Supplied data Block Start
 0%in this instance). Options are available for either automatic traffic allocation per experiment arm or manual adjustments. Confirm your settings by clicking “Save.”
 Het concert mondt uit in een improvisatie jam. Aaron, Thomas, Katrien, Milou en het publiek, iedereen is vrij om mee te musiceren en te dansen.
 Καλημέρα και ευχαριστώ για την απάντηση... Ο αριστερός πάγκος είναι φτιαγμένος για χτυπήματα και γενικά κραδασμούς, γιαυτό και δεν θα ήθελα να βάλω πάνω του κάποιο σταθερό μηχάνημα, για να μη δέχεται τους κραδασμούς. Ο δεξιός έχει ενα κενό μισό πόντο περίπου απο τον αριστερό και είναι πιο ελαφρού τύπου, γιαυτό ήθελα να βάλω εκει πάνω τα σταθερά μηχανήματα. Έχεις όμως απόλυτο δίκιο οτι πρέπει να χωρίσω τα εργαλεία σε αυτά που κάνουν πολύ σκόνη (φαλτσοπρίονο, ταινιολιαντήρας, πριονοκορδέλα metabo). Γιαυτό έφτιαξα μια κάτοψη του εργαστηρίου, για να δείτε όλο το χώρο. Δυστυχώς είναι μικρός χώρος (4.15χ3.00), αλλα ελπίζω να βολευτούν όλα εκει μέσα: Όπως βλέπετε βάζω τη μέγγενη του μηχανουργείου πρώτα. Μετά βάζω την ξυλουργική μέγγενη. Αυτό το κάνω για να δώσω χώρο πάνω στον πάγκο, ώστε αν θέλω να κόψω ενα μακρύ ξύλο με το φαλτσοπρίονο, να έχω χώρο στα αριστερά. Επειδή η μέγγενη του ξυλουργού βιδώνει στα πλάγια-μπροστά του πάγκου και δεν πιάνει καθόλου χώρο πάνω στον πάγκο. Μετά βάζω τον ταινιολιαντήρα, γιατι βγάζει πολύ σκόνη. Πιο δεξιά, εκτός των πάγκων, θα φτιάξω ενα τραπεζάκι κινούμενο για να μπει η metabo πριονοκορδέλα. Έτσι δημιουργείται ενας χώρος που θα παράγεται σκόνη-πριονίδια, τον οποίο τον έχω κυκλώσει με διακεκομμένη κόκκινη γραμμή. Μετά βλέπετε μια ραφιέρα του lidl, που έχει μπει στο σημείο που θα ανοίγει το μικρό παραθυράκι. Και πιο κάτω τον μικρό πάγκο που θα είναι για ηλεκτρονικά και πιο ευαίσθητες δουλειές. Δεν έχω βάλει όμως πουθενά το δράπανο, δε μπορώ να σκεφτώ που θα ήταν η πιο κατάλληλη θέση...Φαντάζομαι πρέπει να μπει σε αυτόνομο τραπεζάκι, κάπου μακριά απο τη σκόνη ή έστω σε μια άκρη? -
Supplied data Block End
§ Task statement
Word for word, transcribe the complete listing.

§ Completed task
 0%in this instance). Options are available for either automatic traffic allocation per experiment arm or manual adjustments. Confirm your settings by clicking “Save.”
 Het concert mondt uit in een improvisatie jam. Aaron, Thomas, Katrien, Milou en het publiek, iedereen is vrij om mee te musiceren en te dansen.
 Καλημέρα και ευχαριστώ για την απάντηση... Ο αριστερός πάγκος είναι φτιαγμένος για χτυπήματα και γενικά κραδασμούς, γιαυτό και δεν θα ήθελα να βάλω πάνω του κάποιο σταθερό μηχάνημα, για να μη δέχεται τους κραδασμούς. Ο δεξιός έχει ενα κενό μισό πόντο περίπου απο τον αριστερό και είναι πιο ελαφρού τύπου, γιαυτό ήθελα να βάλω εκει πάνω τα σταθερά μηχανήματα. Έχεις όμως απόλυτο δίκιο οτι πρέπει να χωρίσω τα εργαλεία σε αυτά που κάνουν πολύ σκόνη (φαλτσοπρίονο, ταινιολιαντήρας, πριονοκορδέλα metabo). Γιαυτό έφτιαξα μια κάτοψη του εργαστηρίου, για να δείτε όλο το χώρο. Δυστυχώς είναι μικρός χώρος (4.15χ3.00), αλλα ελπίζω να βολευτούν όλα εκει μέσα: Όπως βλέπετε βάζω τη μέγγενη του μηχανουργείου πρώτα. Μετά βάζω την ξυλουργική μέγγενη. Αυτό το κάνω για να δώσω χώρο πάνω στον πάγκο, ώστε αν θέλω να κόψω ενα μακρύ ξύλο με το φαλτσοπρίονο, να έχω χώρο στα αριστερά. Επειδή η μέγγενη του ξυλουργού βιδώνει στα πλάγια-μπροστά του πάγκου και δεν πιάνει καθόλου χώρο πάνω στον πάγκο. Μετά βάζω τον ταινιολιαντήρα, γιατι βγάζει πολύ σκόνη. Πιο δεξιά, εκτός των πάγκων, θα φτιάξω ενα τραπεζάκι κινούμενο για να μπει η metabo πριονοκορδέλα. Έτσι δημιουργείται ενας χώρος που θα παράγεται σκόνη-πριονίδια, τον οποίο τον έχω κυκλώσει με διακεκομμένη κόκκινη γραμμή. Μετά βλέπετε μια ραφιέρα του lidl, που έχει μπει στο σημείο που θα ανοίγει το μικρό παραθυράκι. Και πιο κάτω τον μικρό πάγκο που θα είναι για ηλεκτρονικά και πιο ευαίσθητες δουλειές. Δεν έχω βάλει όμως πουθενά το δράπανο, δε μπορώ να σκεφτώ που θα ήταν η πιο κατάλληλη θέση...Φαντάζομαι πρέπει να μπει σε αυτόνομο τραπεζάκι, κάπου μακριά απο τη σκόνη ή έστω σε μια άκρη? -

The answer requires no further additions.